• **EXERCISE DESCRIPTION**
Pictures excluded, output the lines of the data below between the one holding "19. Житников В." and the one holding "微缩艺术风,3D梦幻场景,人物在三文鱼上漫步,船载鱼子酱,清新超现实。详情", inclusive, exactly as they stand.

• **EXCERPTED RECORDS**
----------

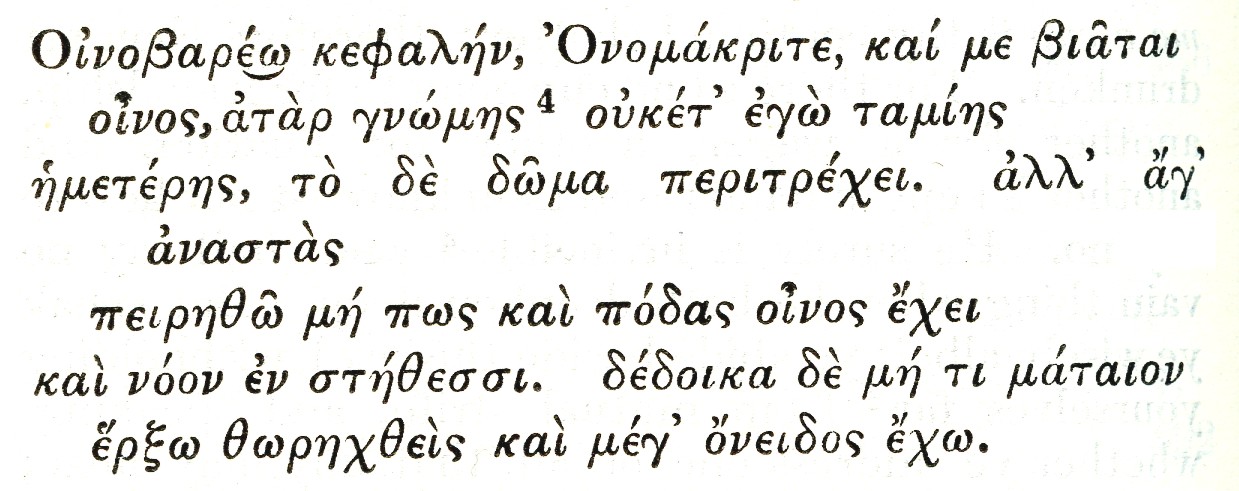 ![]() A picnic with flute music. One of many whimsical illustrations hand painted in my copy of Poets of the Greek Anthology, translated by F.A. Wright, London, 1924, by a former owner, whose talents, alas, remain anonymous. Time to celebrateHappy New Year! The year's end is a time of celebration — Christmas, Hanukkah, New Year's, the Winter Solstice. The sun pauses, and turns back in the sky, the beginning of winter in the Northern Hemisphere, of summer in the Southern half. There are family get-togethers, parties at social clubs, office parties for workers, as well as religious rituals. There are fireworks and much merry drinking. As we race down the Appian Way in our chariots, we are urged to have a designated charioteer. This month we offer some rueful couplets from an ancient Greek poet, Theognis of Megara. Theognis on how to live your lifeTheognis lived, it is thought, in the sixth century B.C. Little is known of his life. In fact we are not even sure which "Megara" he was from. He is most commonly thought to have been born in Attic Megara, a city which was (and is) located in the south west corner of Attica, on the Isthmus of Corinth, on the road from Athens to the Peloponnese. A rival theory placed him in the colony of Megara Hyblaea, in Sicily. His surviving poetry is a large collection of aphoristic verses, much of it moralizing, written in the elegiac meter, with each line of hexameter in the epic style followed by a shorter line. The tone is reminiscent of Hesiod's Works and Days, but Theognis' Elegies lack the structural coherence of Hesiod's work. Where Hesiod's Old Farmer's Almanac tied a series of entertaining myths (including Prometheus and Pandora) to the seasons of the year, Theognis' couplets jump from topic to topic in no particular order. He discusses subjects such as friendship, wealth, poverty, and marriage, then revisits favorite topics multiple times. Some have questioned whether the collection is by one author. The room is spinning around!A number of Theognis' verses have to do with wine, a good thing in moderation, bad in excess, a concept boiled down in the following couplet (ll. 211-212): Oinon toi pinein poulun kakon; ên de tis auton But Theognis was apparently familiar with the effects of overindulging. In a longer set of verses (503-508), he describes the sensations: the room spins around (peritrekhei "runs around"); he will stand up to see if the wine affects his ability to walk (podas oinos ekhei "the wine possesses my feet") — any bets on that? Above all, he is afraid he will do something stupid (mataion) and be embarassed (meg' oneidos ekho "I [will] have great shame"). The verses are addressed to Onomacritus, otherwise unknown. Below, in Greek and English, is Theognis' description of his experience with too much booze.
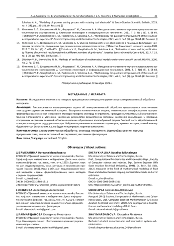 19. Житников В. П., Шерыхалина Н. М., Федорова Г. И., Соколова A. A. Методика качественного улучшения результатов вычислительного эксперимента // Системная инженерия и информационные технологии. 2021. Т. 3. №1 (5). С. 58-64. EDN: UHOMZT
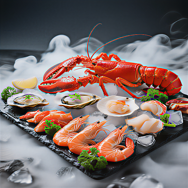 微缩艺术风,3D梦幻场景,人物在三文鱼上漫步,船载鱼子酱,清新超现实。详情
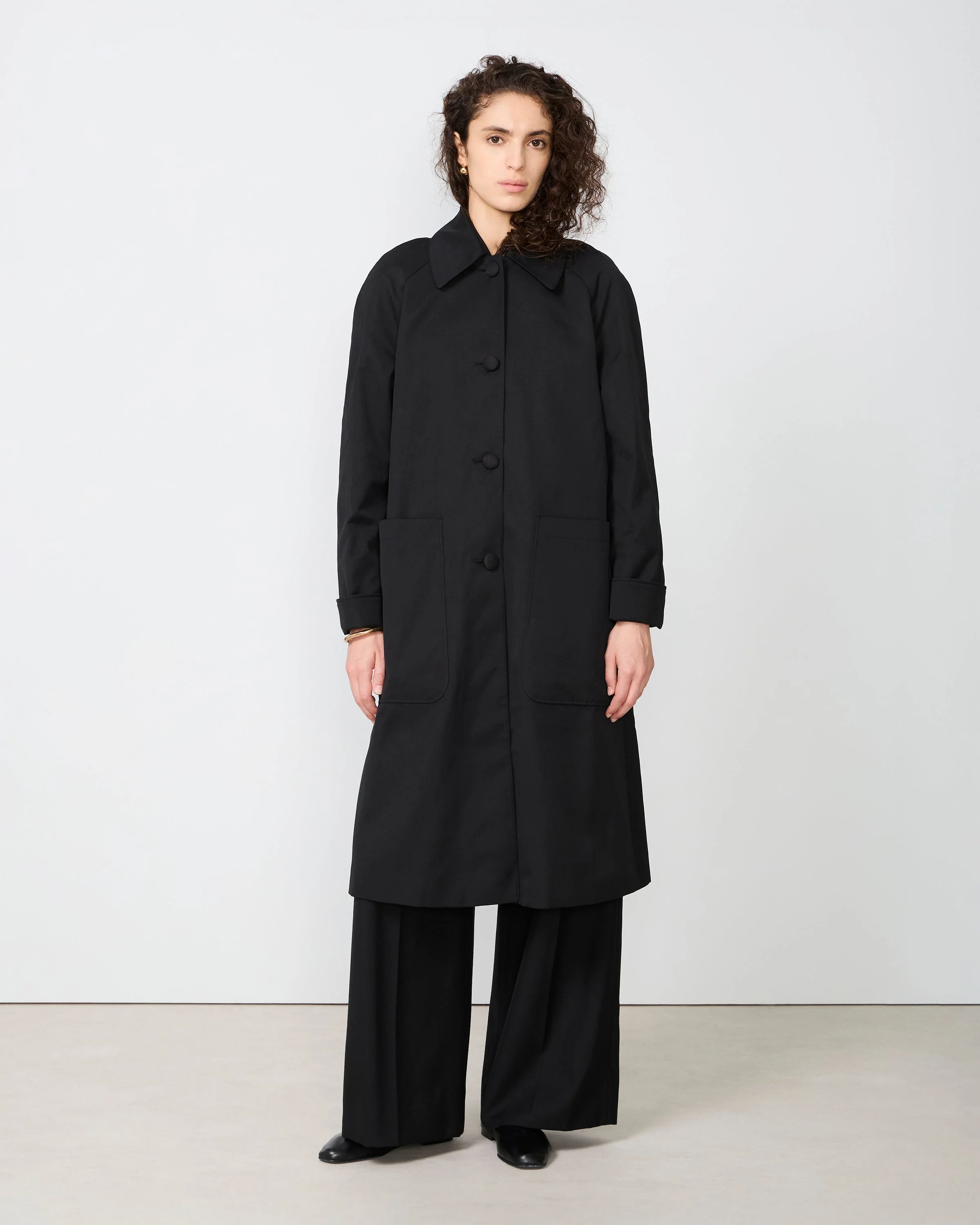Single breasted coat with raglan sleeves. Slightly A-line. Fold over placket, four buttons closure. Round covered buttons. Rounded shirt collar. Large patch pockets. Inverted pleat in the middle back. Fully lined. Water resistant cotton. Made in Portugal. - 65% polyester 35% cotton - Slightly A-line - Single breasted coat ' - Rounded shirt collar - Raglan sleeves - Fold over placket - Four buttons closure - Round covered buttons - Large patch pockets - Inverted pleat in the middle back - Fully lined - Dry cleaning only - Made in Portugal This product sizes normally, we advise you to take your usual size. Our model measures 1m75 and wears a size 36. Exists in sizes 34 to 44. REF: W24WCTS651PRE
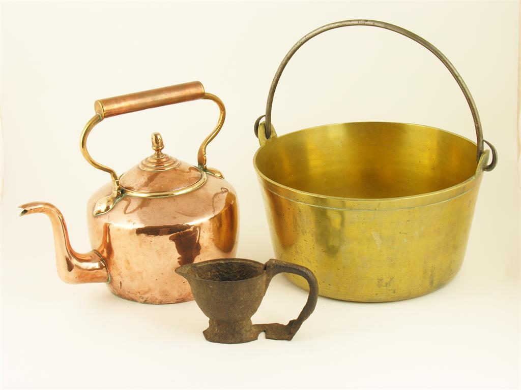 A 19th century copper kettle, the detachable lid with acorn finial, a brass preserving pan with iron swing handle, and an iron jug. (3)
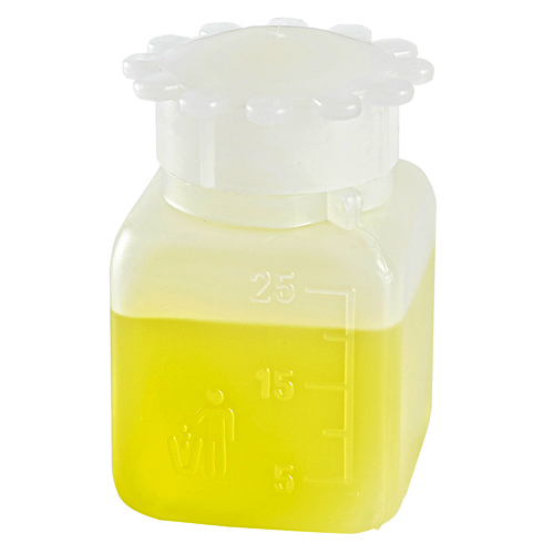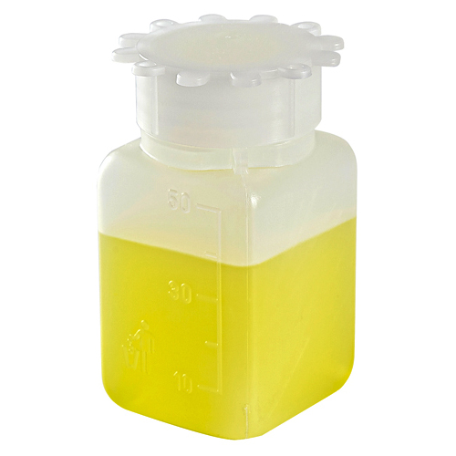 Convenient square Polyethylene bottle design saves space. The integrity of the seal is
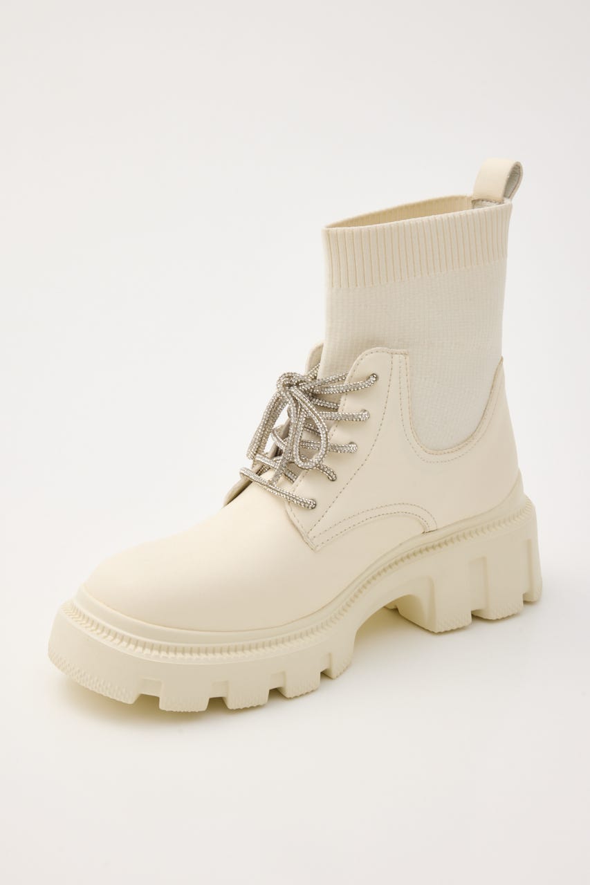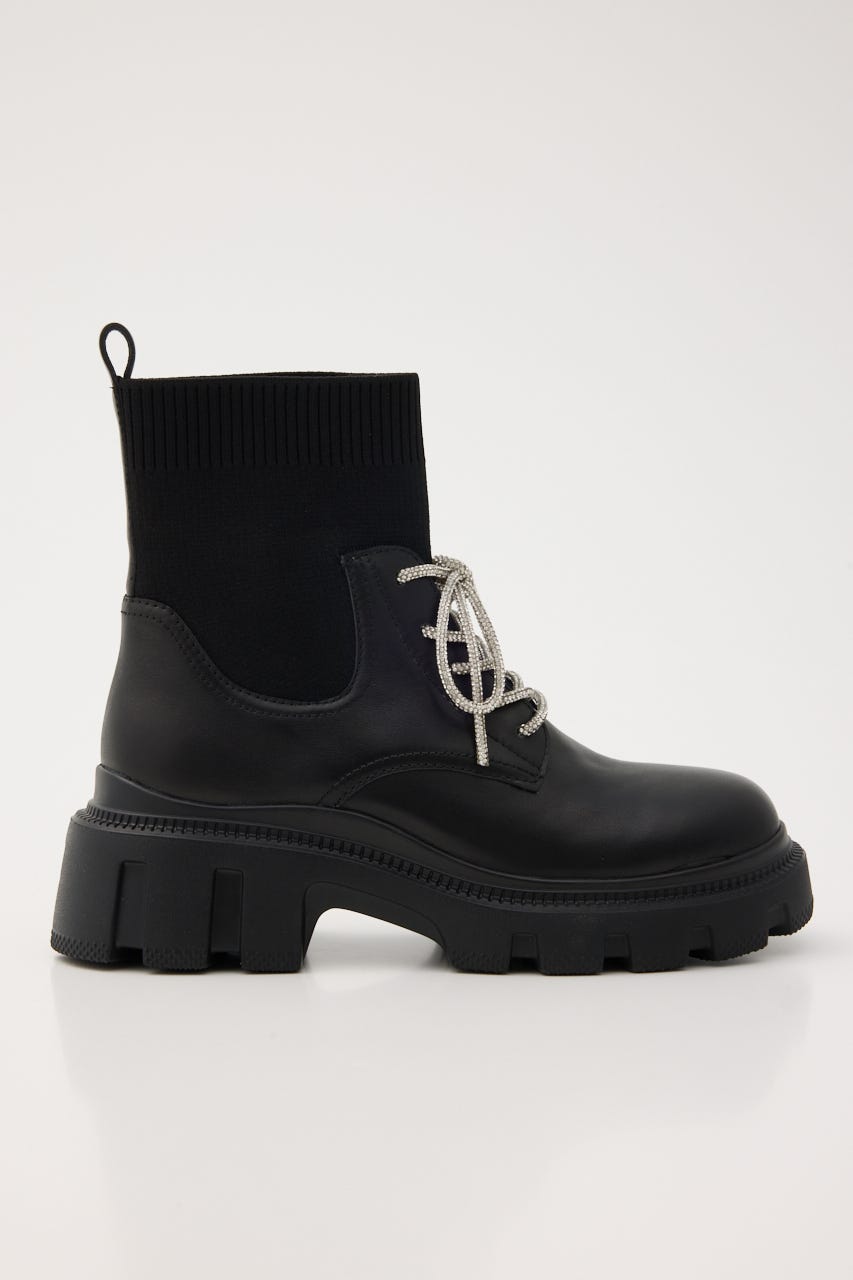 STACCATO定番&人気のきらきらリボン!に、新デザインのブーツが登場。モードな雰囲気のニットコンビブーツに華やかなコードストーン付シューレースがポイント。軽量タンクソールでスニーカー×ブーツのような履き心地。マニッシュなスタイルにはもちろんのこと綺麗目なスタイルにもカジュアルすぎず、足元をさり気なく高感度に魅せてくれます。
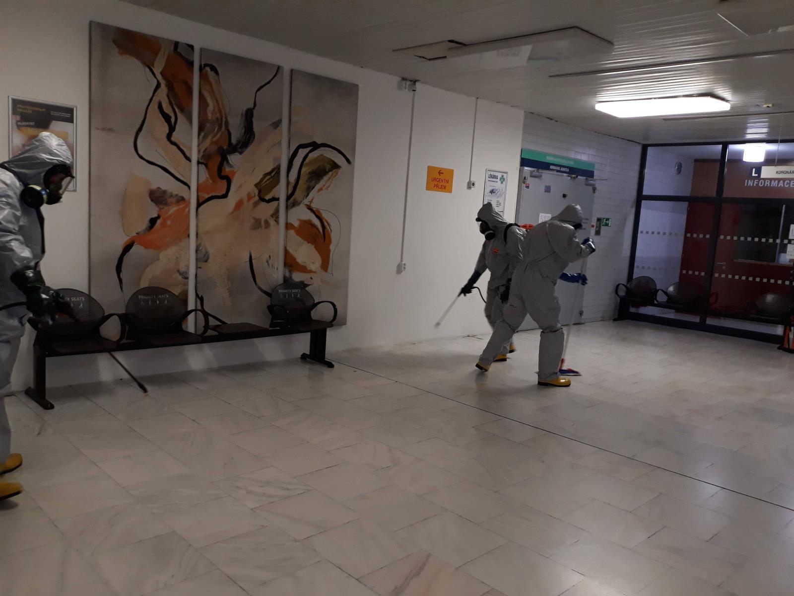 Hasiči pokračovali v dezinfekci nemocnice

----------

• **REPLY**
 19. Житников В. П., Шерыхалина Н. М., Федорова Г. И., Соколова A. A. Методика качественного улучшения результатов вычислительного эксперимента // Системная инженерия и информационные технологии. 2021. Т. 3. №1 (5). С. 58-64. EDN: UHOMZT
 微缩艺术风,3D梦幻场景,人物在三文鱼上漫步,船载鱼子酱,清新超现实。详情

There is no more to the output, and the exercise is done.